Data
- - - -

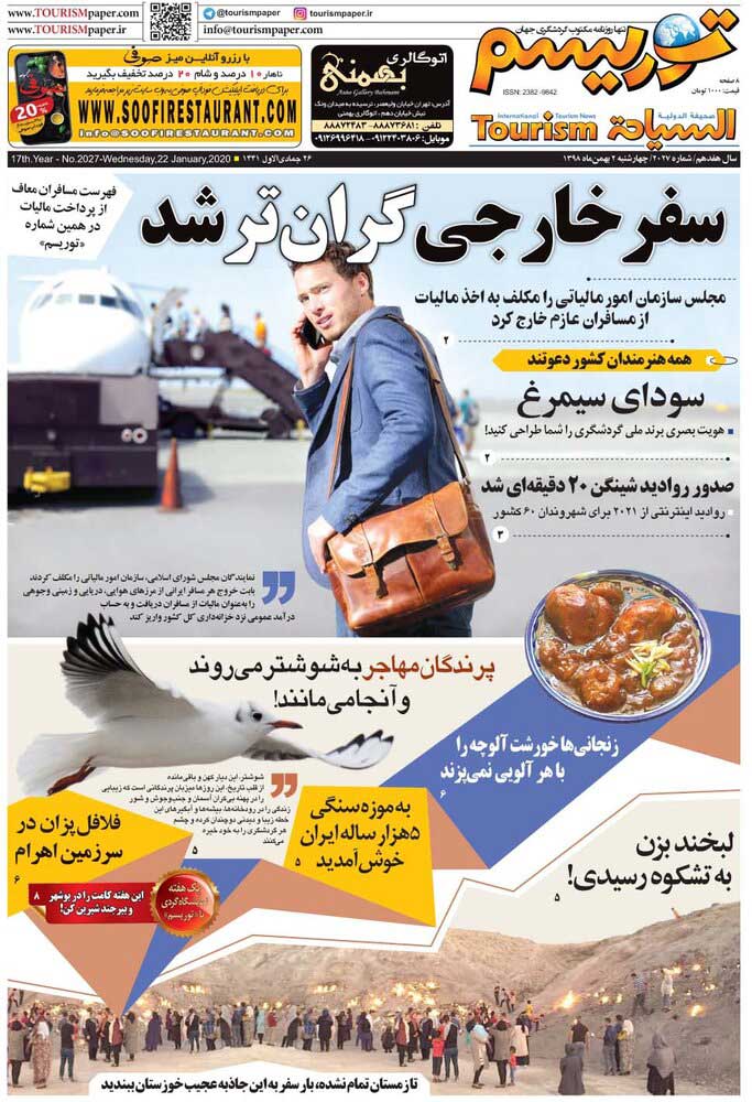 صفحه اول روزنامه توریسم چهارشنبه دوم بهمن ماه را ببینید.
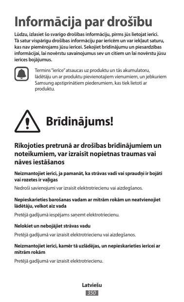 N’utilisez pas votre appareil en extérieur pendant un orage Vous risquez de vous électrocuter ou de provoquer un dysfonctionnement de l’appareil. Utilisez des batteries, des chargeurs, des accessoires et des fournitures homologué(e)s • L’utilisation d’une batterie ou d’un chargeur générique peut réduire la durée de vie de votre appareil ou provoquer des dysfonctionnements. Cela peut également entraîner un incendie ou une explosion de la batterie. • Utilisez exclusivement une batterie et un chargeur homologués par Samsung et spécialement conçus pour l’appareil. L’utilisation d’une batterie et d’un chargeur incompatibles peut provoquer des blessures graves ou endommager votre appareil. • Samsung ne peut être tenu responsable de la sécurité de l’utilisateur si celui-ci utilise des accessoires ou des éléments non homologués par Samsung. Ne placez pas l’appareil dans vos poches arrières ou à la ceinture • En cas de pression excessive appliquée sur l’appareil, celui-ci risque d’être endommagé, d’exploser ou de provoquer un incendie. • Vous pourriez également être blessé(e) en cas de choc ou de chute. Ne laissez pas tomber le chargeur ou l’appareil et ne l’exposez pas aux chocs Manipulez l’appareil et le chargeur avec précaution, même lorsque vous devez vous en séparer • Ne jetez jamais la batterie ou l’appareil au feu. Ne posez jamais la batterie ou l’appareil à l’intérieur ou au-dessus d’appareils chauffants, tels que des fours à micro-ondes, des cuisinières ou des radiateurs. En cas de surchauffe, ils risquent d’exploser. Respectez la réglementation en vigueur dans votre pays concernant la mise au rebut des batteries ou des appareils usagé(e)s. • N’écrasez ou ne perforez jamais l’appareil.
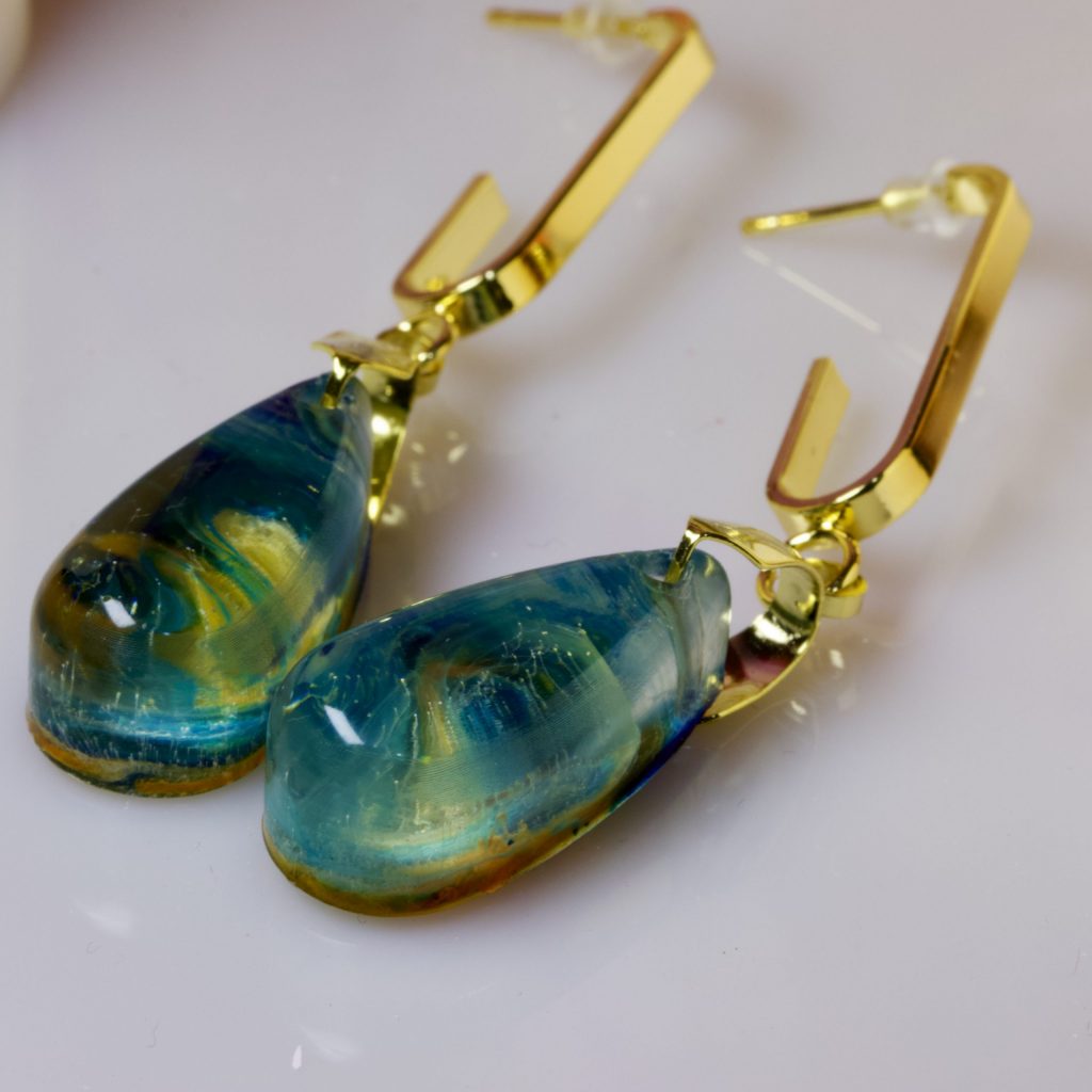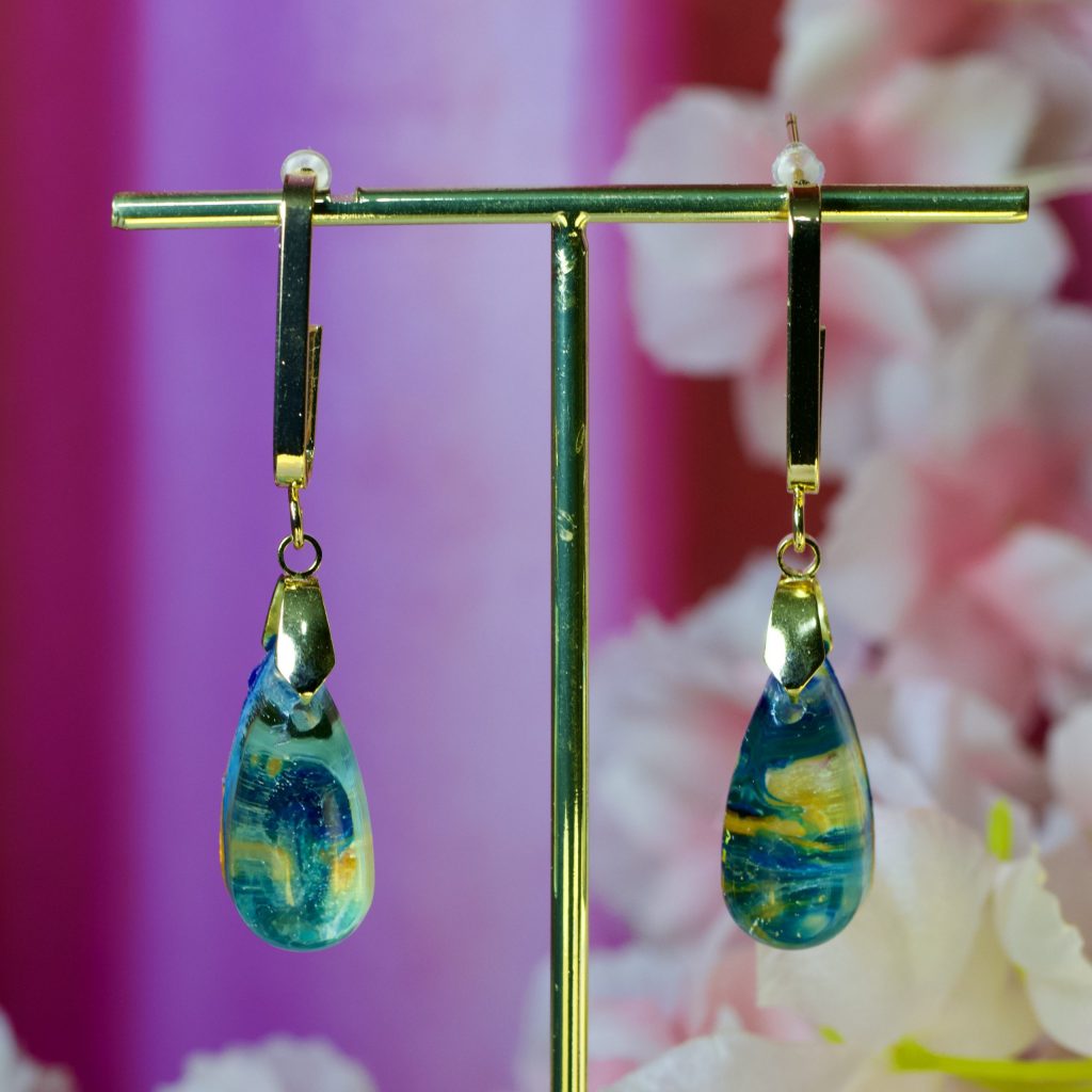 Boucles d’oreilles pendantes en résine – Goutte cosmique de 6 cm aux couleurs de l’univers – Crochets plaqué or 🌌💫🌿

- - - -

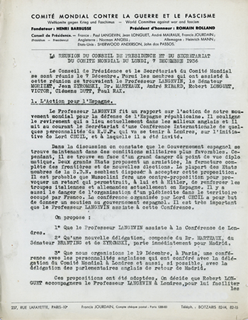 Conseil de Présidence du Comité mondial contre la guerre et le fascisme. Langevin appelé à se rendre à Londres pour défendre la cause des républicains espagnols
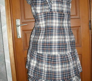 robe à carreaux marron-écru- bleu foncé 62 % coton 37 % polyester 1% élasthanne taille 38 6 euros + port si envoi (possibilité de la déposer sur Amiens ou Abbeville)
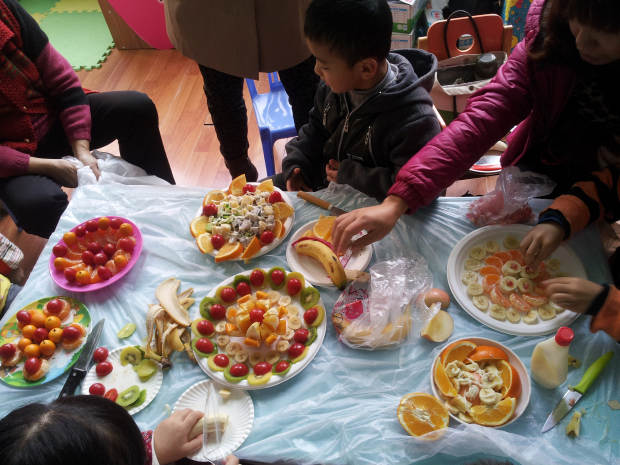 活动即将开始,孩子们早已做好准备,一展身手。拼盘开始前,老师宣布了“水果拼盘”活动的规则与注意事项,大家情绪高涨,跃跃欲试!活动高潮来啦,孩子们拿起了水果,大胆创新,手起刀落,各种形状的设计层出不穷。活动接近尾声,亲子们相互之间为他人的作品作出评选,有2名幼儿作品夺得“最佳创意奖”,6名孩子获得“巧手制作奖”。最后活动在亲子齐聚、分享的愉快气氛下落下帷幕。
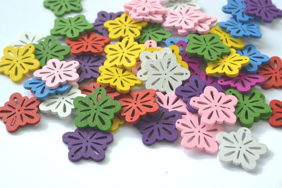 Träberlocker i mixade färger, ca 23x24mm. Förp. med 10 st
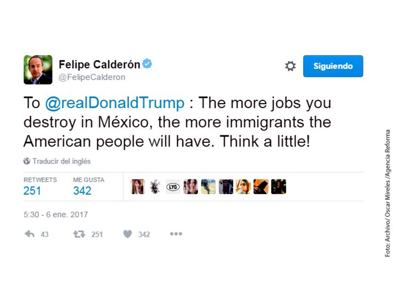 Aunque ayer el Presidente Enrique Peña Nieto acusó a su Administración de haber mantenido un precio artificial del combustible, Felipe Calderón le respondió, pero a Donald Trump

- - - -

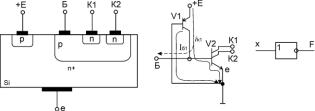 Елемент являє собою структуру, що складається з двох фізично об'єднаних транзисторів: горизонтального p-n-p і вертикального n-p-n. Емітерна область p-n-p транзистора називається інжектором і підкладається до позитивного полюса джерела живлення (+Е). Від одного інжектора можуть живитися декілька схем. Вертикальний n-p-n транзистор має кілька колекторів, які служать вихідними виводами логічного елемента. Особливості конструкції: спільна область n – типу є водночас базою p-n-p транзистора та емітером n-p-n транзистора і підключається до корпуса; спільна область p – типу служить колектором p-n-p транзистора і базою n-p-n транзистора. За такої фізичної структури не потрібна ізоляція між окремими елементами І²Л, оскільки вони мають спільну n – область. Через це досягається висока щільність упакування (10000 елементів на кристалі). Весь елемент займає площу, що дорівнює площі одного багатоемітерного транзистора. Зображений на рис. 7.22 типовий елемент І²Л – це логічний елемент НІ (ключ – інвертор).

- - - -

Assignment
Please output, exactly as written, the lines above from the one holding "Conseil de Présidence" through the one holding "Aunque ayer el", both included, with the pictures omitted.

Response for this exercise
 Conseil de Présidence du Comité mondial contre la guerre et le fascisme. Langevin appelé à se rendre à Londres pour défendre la cause des républicains espagnols
 robe à carreaux marron-écru- bleu foncé 62 % coton 37 % polyester 1% élasthanne taille 38 6 euros + port si envoi (possibilité de la déposer sur Amiens ou Abbeville)
 活动即将开始,孩子们早已做好准备,一展身手。拼盘开始前,老师宣布了“水果拼盘”活动的规则与注意事项,大家情绪高涨,跃跃欲试!活动高潮来啦,孩子们拿起了水果,大胆创新,手起刀落,各种形状的设计层出不穷。活动接近尾声,亲子们相互之间为他人的作品作出评选,有2名幼儿作品夺得“最佳创意奖”,6名孩子获得“巧手制作奖”。最后活动在亲子齐聚、分享的愉快气氛下落下帷幕。
 Träberlocker i mixade färger, ca 23x24mm. Förp. med 10 st
 Aunque ayer el Presidente Enrique Peña Nieto acusó a su Administración de haber mantenido un precio artificial del combustible, Felipe Calderón le respondió, pero a Donald Trump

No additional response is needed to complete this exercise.